RECORDS PROVIDED -
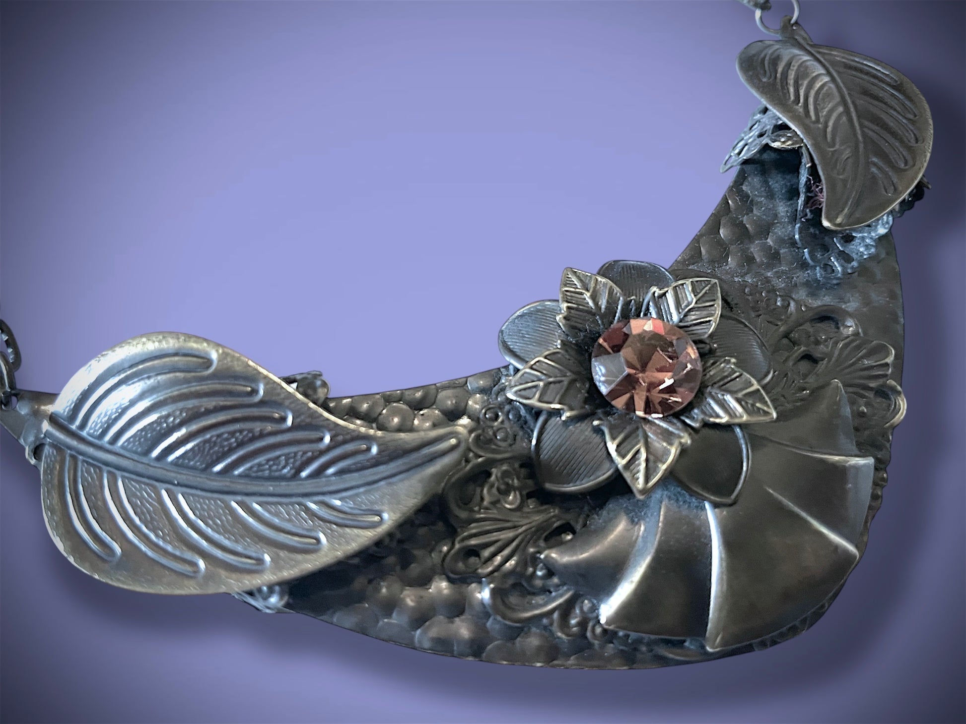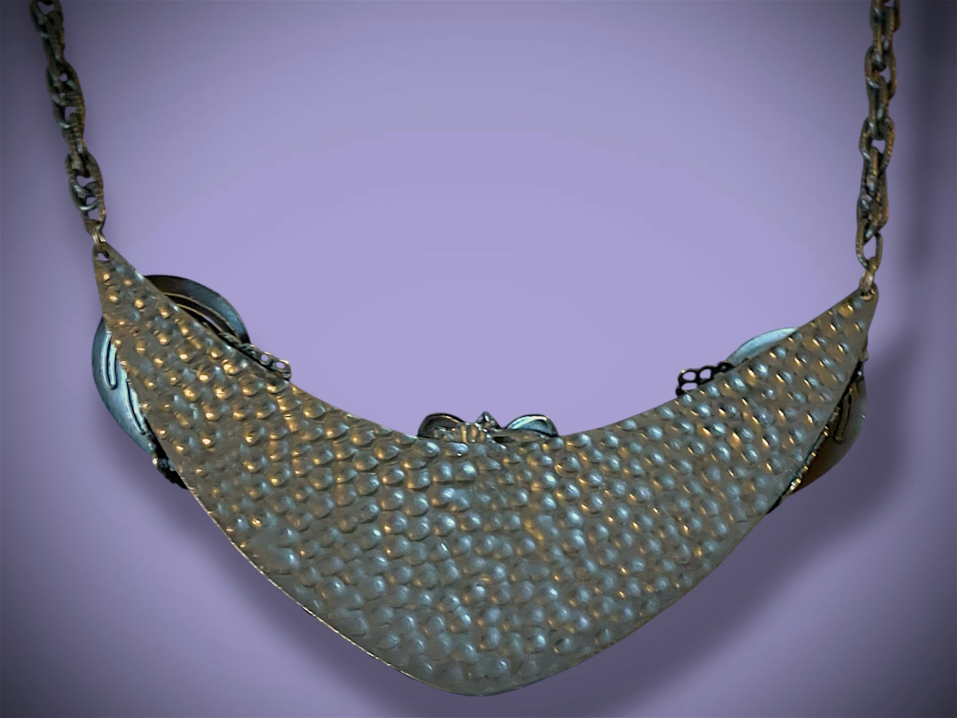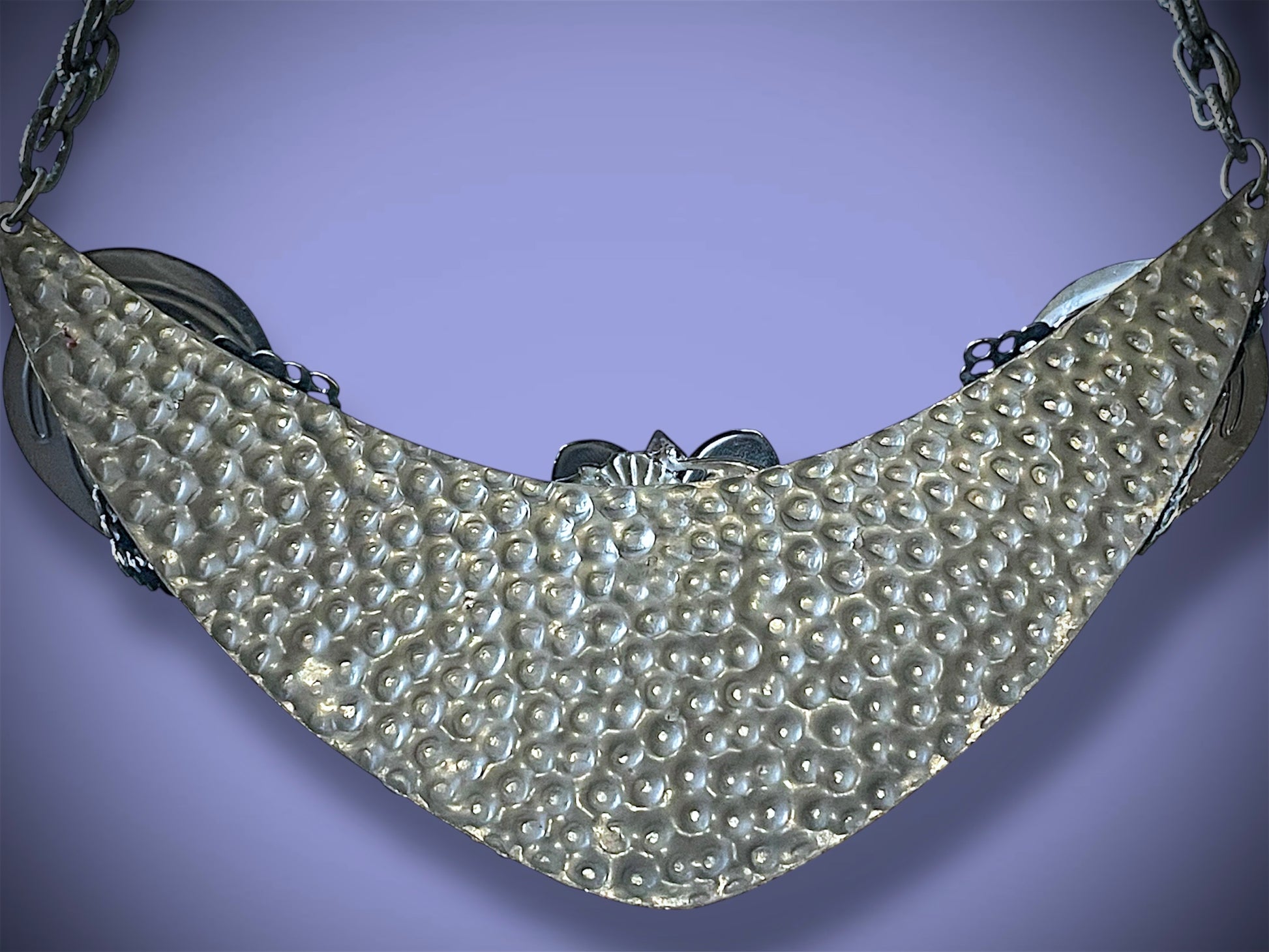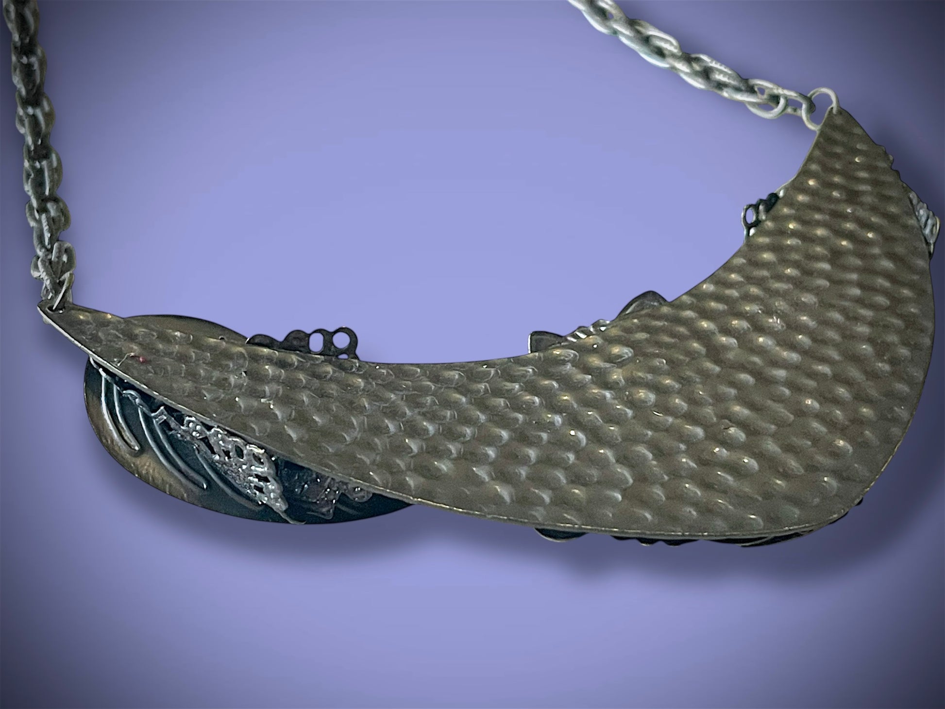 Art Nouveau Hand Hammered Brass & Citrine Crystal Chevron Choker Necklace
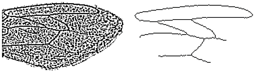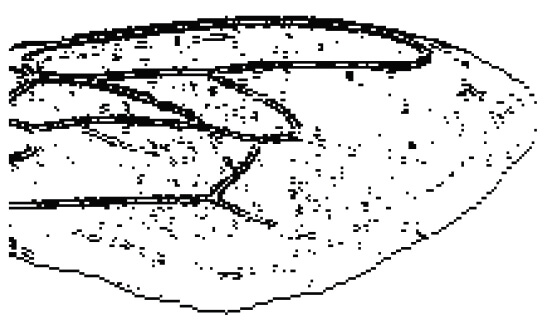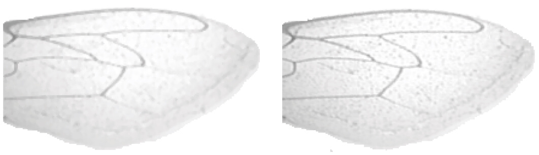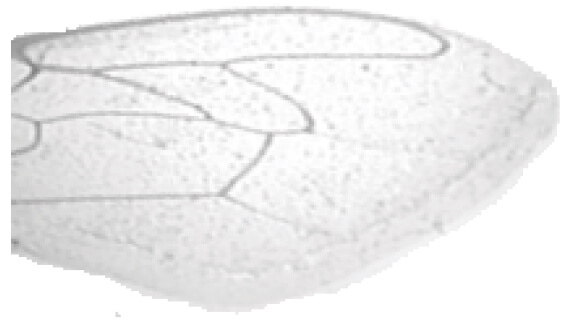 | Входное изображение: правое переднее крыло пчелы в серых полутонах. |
...
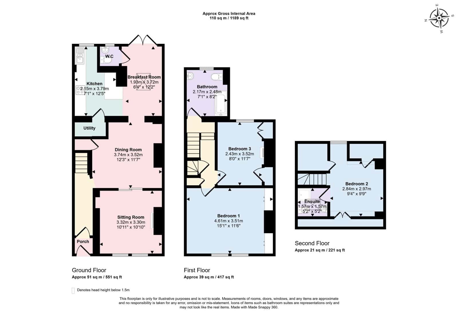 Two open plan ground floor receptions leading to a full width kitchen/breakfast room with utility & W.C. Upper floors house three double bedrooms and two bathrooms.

ACTIVITY -
Print nothing except the lines above from the one containing "Art Nouveau Hand" down to the one containing "серых полутонах. |", both included, exactly as written and free of pictures.

WRITTEN RESPONSE -
 Art Nouveau Hand Hammered Brass & Citrine Crystal Chevron Choker Necklace
 | Входное изображение: правое переднее крыло пчелы в серых полутонах. |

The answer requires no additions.